The farm was constructed in the 1970s during Communist rule at Lety, a village south of Prague which was the site of a Nazi-era concentration camp where hundreds of people in the Roma and Sinti minorities died in 1942 and 1943. Human rights activists at home and abroad denounced its existence and the center-left government of Prime Minister Bohuslav Sobotka to promise to find a solution before the end of his term this month.
The state bought the farm from the Agpi agricultural firm for 450 million koruna (18 million euros, $21 million) and will pay an additional 120 million koruna to clean the site. The contract still needs to be approved at a general meeting of the firm, which is slated for December 4.
Another signatory to the agreement was Jana Horvathova, who heads the Museum of Romani Culture in the eastern city of Brno that will revamp the site after the pig farm is dismantled. The European Grassroots Antiracist Movement (EGAM) welcomed the move calling it a “historic day for the Roma”.

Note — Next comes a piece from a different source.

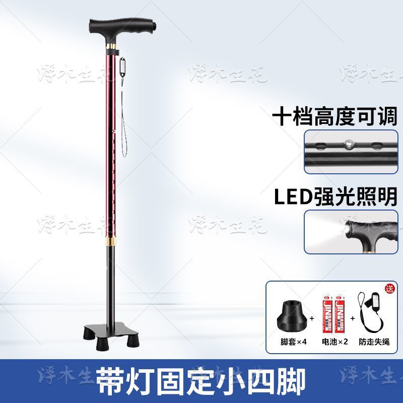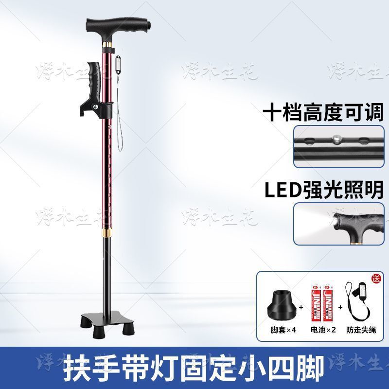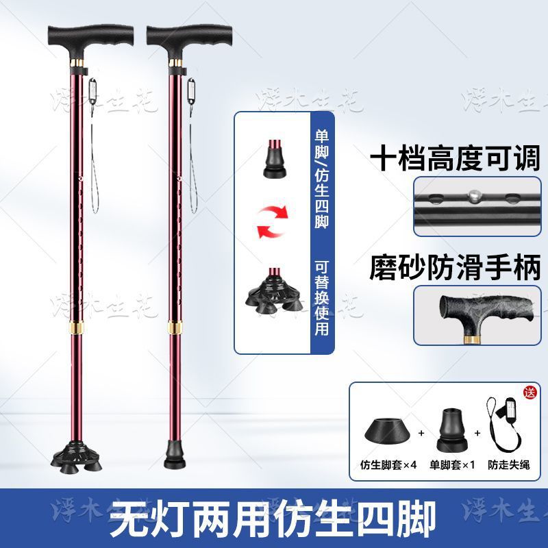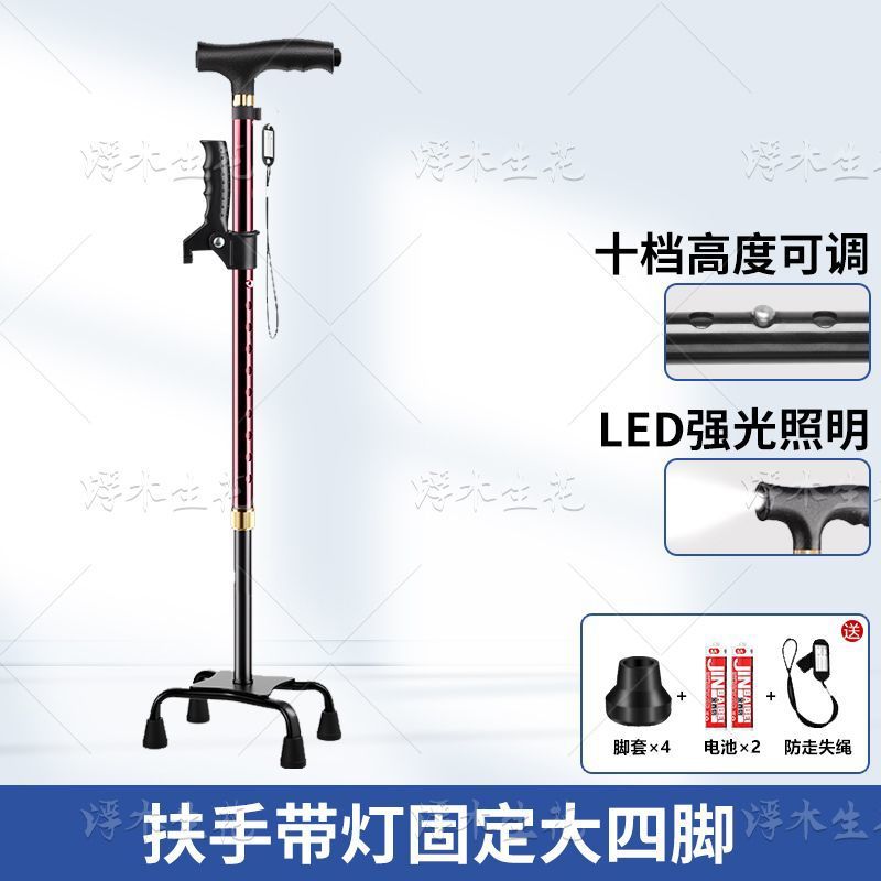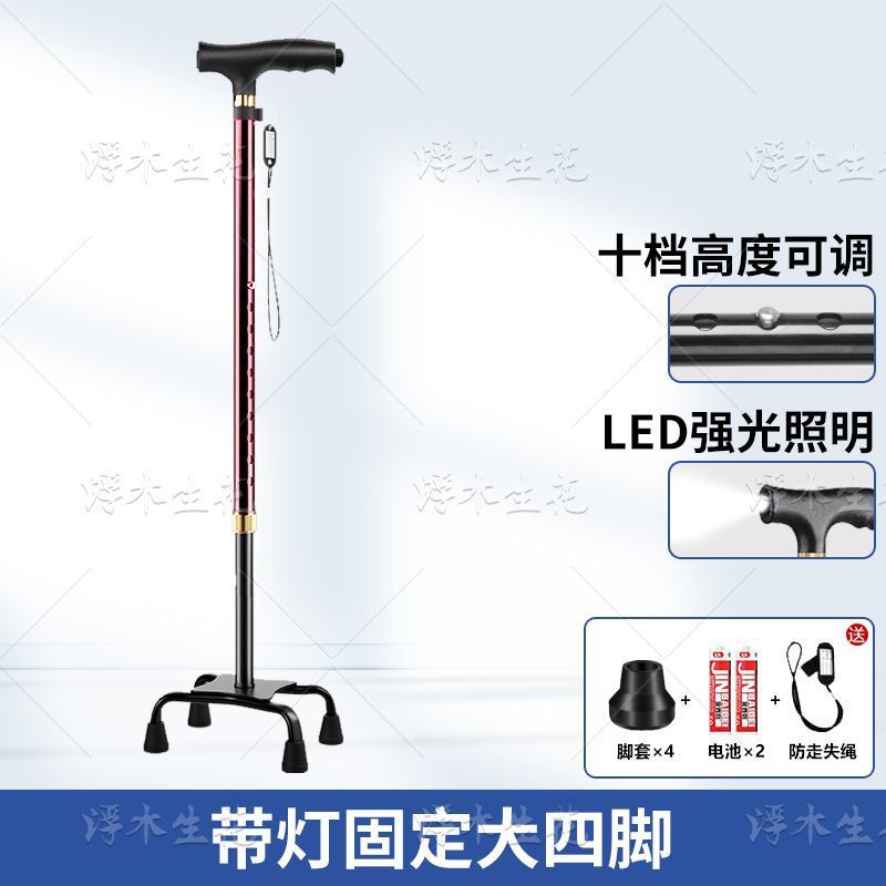노인용 지팡이, 조명, 미끄럼 방지, 강력하고 낙하 방지 지팡이, 접이식 지팡이, 노인용 4각 지팡이, 다기능스토어 가기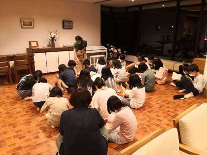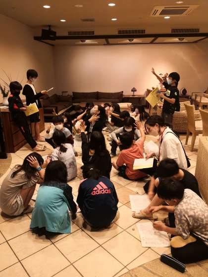 夕食後,反省会を学級ごとに行いました。一日目のよかったところや,明日直したいところを出し合いました。

“Now the challenge will be to transform the site from a dishonorable place to one with dignity,” EGAM president Benjamin Abtan said in a statement. About 1,300 Roma were interned at Lety from August 1942 to May 1943, and around 330, including at least 241 children, died there after a typhus outbreak.
Many inmates were later transferred to the Auschwitz-Birkenau complex where more than a million people are estimated to have been killed. Under the Nazis, around 90 percent of Czech Roma were exterminated.